(EXERCISE DATA)

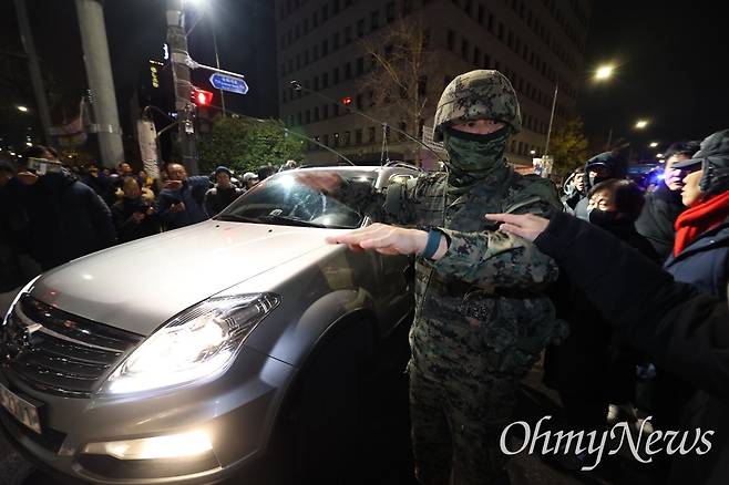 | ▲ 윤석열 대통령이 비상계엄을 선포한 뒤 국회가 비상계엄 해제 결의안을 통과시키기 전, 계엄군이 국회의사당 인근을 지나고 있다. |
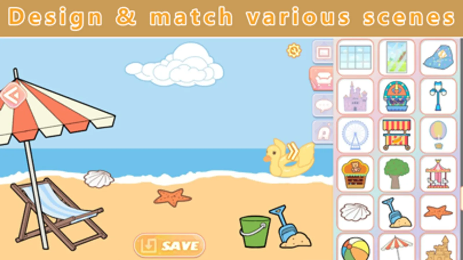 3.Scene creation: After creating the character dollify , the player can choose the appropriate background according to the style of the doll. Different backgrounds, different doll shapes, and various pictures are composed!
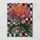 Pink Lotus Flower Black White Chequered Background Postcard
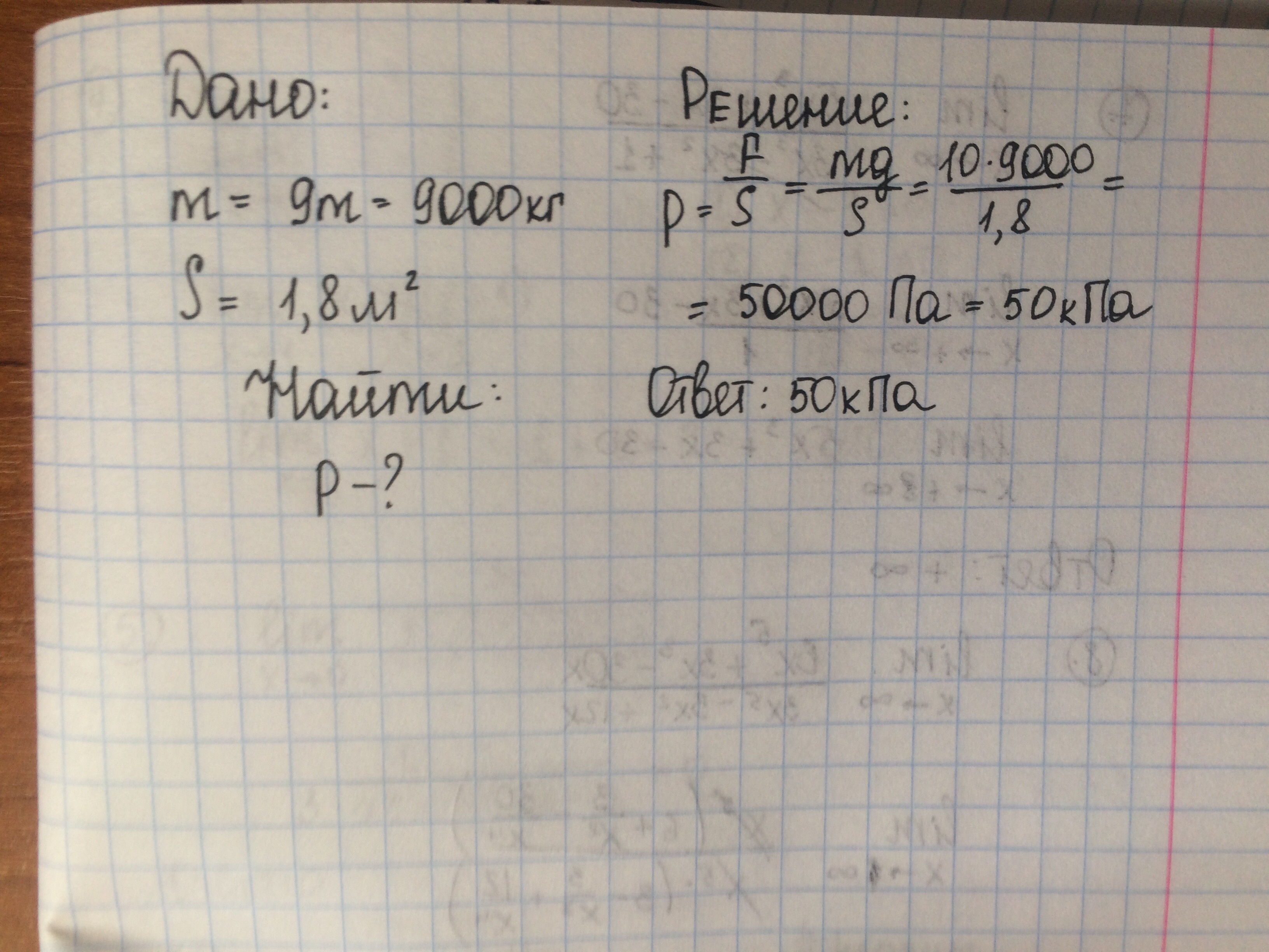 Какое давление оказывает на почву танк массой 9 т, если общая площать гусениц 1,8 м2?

(End EXERCISE DATA)

WHAT YOU HAVE TO DO >>
Please reproduce nothing but the lines from the one containing "Pink Lotus Flower" through the closing line of the listing, retyped word for word, pictures excluded.

WRITTEN ANSWER >>
 Pink Lotus Flower Black White Chequered Background Postcard
 Какое давление оказывает на почву танк массой 9 т, если общая площать гусениц 1,8 м2?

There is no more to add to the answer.